Understandably, some brands will feel apprehensive about putting dollars toward engagement efforts that, at least on the surface, seem difficult to measure. Since engagement marketing isn’t about impressions, response forms, or purchases (in the immediate sense), it can feel a bit counterintuitive to experienced marketers.

But quantifying authentic, meaningful engagement can certainly be done. Building relationships and trust translate to earning an audience’s time, attention, and interaction. Look for metrics that speak to this—like repeat site visits, session times, completion rates, and shares, to name a few. And done right, valuable engagement can register numbers that are off the charts.

For example, video completion is typically a tough KPI to hit. But looking at our campaign for adidas at the Boston Marathon, the personalized videos we sent had a view completion rate of 97 percent. And so many of those who watched their video went on to share it, bringing the adidas brand to exponentially more eyes than the initial investment would suggest.
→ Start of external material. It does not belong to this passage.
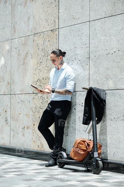 Бизнесмен читает онлайн документ
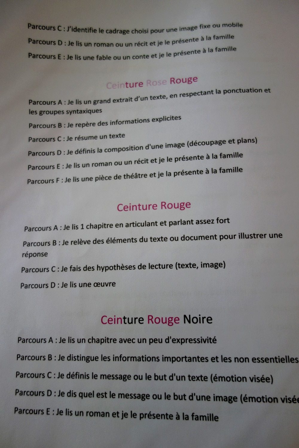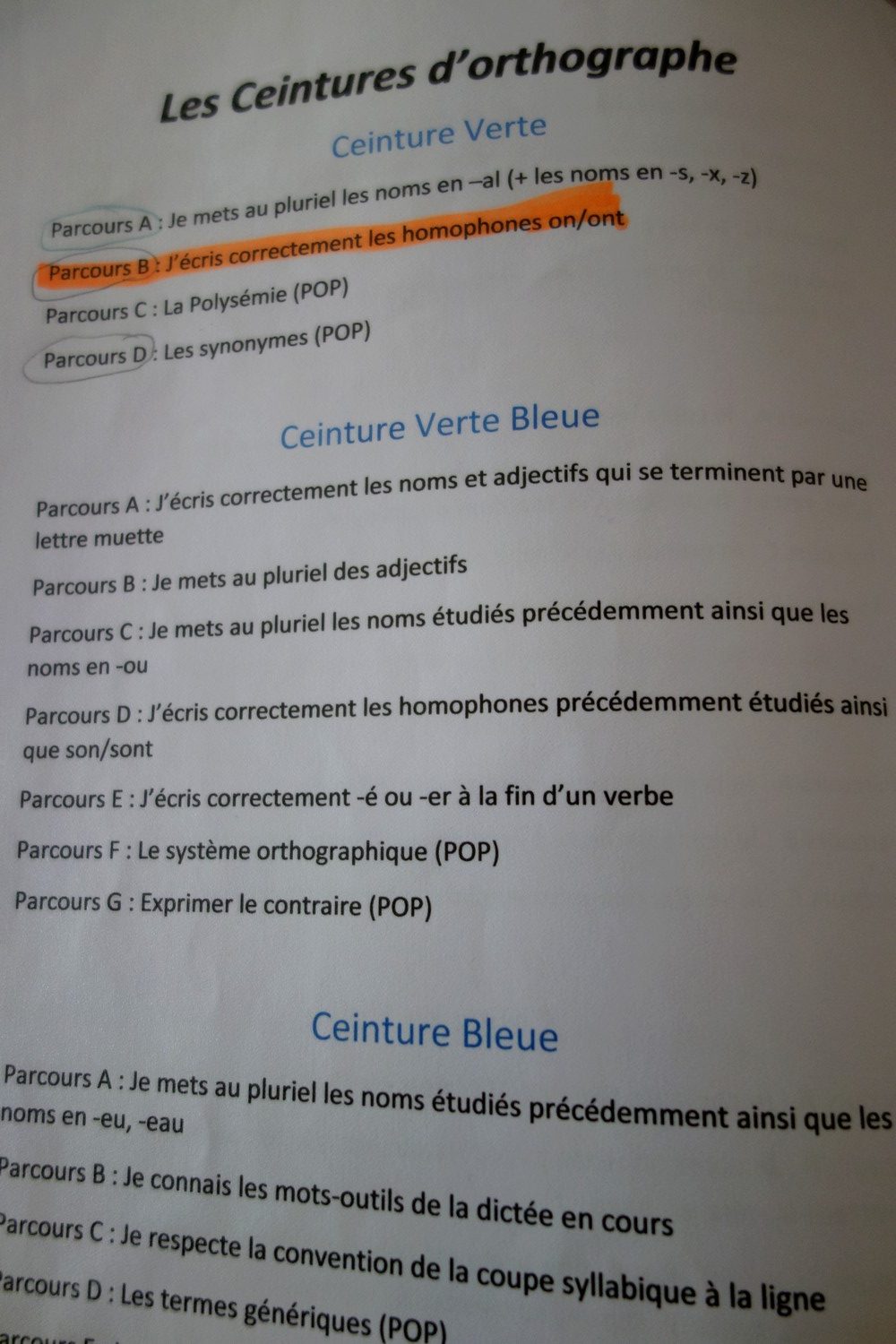 Pour certaines ceintures, elle commence au niveau orange (écrivain car elle n’a pas l’habitude d’écrire) et pour d’autres au niveau vert, bleu ou rose). À savoir que j’ai planifié sur 2 ans, donc si elle termine tout, elle en sera au niveau fin de 6ème !

Moreover, as dynamic digital engagement continues to grow and diversify, successful brands are seeing results that go far beyond simple metrics. Unlike awareness or conversion marketing, which see short bursts in numbers typically matched by level of spend, we’re seeing longer tail engagement from this type of marketing. And often, it’s the anecdotal measures that speak volumes about the real impact—like when a brand has earned its way into a conversation with its audiences or landed credibility with trusted influencers and niche PR outlets.

This engagement marketing landscape has already begun to shift and evolve, and it will continue changing in lockstep with the digital world. But even as the middle ground grows more populated, the opportunity to create special, personal connections remains practically limitless.

And there’s one thing that won’t change: Now that consumers have had a taste of this personalized engagement, there’s no going back. Their standards will continue to rise and they will demand increasing value from branded interactions. The trade-off, of course, is a deep, trusting, and loyal relationship to your brand that will pay dividends for years to come.